What you have to do:
For this exercise, write out the whole listing below exactly, omitting its images.

==== Given data

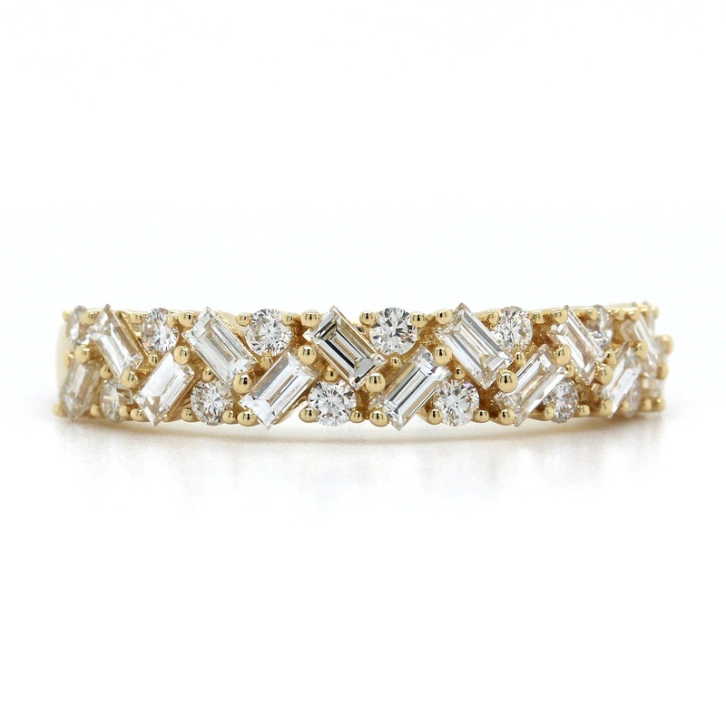14K Yellow Gold Baguette and Round Diamond Band
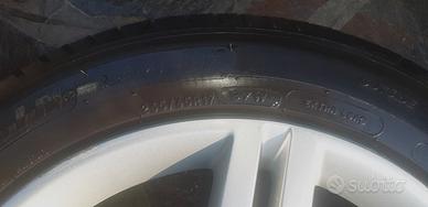 Vendesi n. 4 cerchi originali da 17'' rigenerati con relative coppette originali rigenerate e pneumatici 235/45 R17 Michelin estivi usati aventi battistrada residuo di 3,5/4 mm.
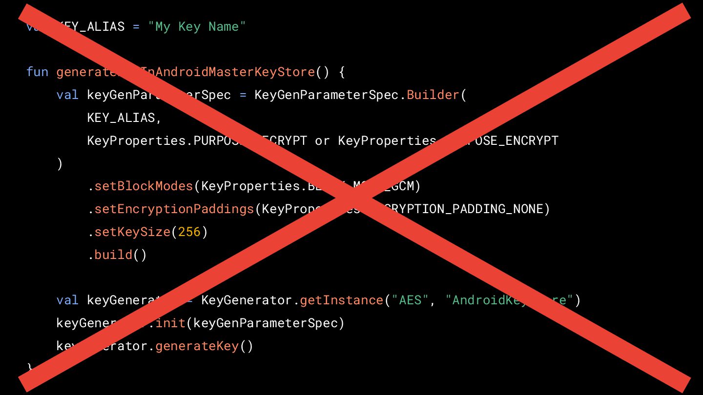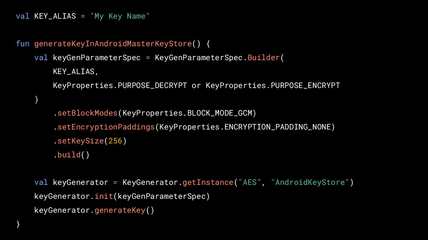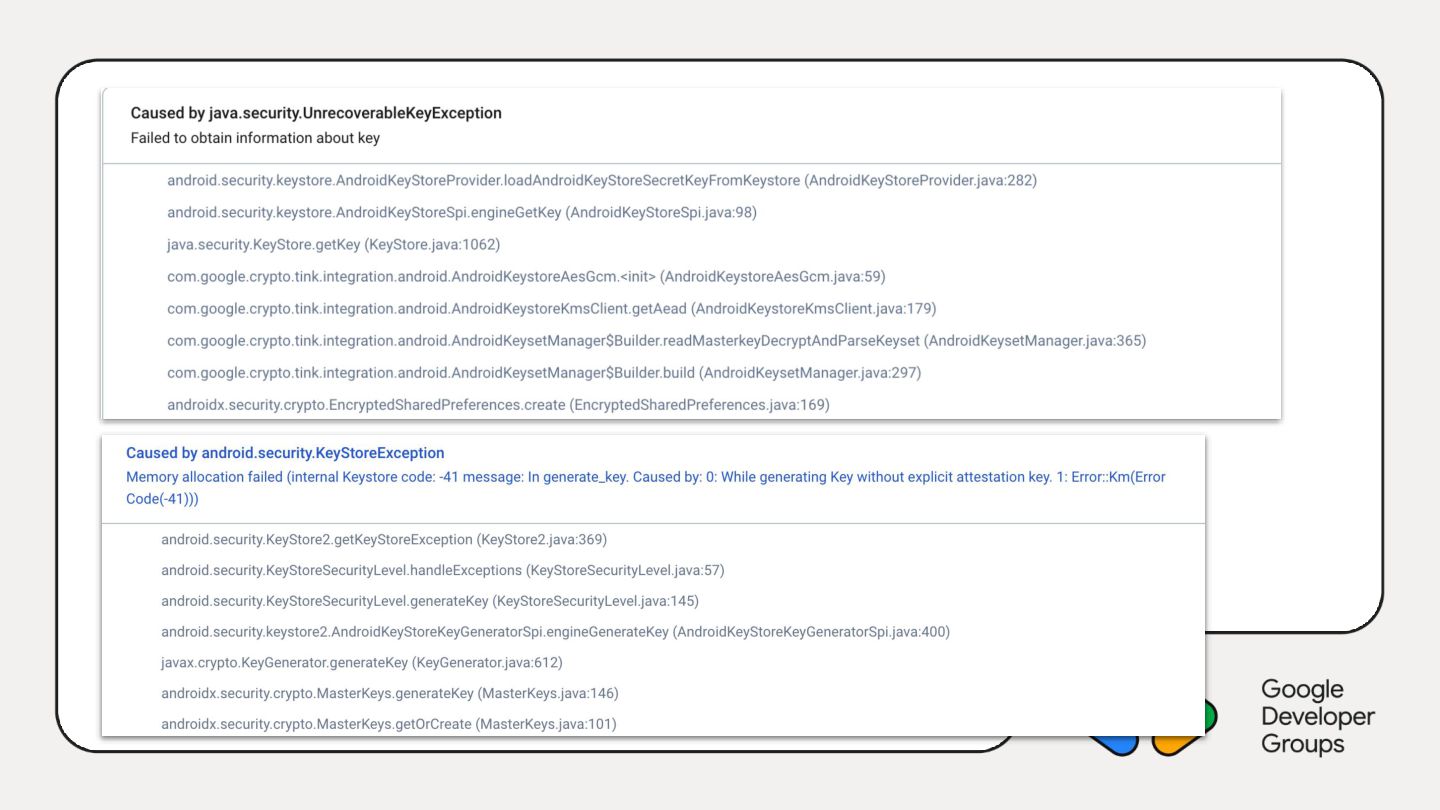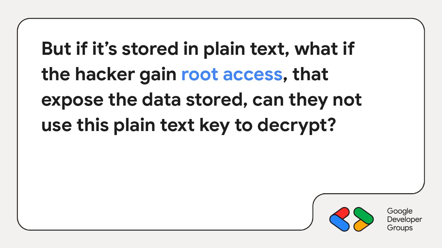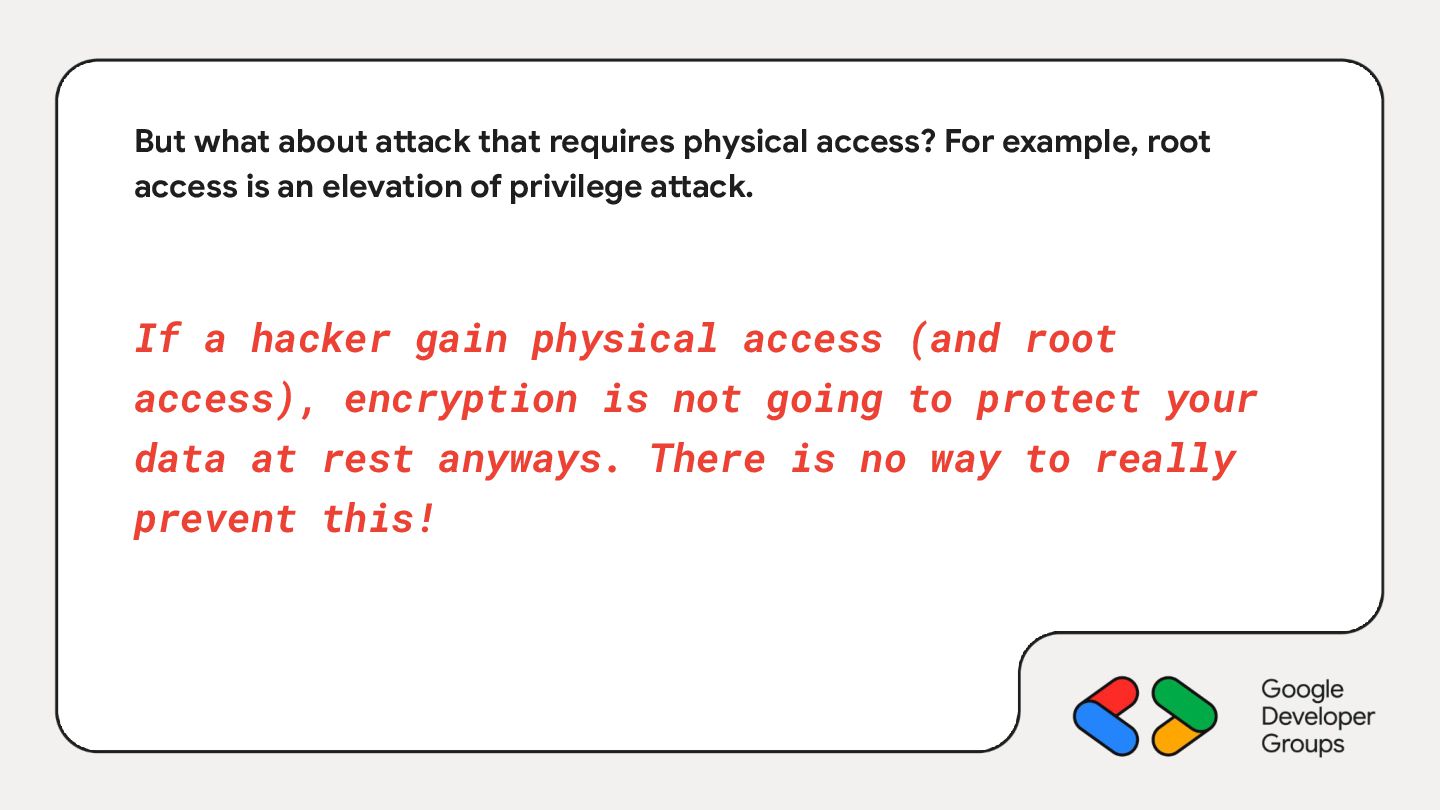 be stored in cleartext. This is not as bad as it sounds because keysets remain inaccessible to any other apps running on the same device. Moreover, as of July 2020, most active Android devices support either full-disk encryption or file-based encryption, which provide strong security protection against key theft even from attackers with physical access to the device. Android Keystore is only useful when you want to require user authentication for key use, which should be done if and only if you're absolutely sure that Android Keystore is working properly on your target devices. “ https://javadoc.io/static/com.google.crypto.tink/tink-android/1.16.0/com/google/ crypto/tink/integration/android/AndroidKeysetManager.html

========

Answer space:
14K Yellow Gold Baguette and Round Diamond Band
 Vendesi n. 4 cerchi originali da 17'' rigenerati con relative coppette originali rigenerate e pneumatici 235/45 R17 Michelin estivi usati aventi battistrada residuo di 3,5/4 mm.
 be stored in cleartext. This is not as bad as it sounds because keysets remain inaccessible to any other apps running on the same device. Moreover, as of July 2020, most active Android devices support either full-disk encryption or file-based encryption, which provide strong security protection against key theft even from attackers with physical access to the device. Android Keystore is only useful when you want to require user authentication for key use, which should be done if and only if you're absolutely sure that Android Keystore is working properly on your target devices. “ https://javadoc.io/static/com.google.crypto.tink/tink-android/1.16.0/com/google/ crypto/tink/integration/android/AndroidKeysetManager.html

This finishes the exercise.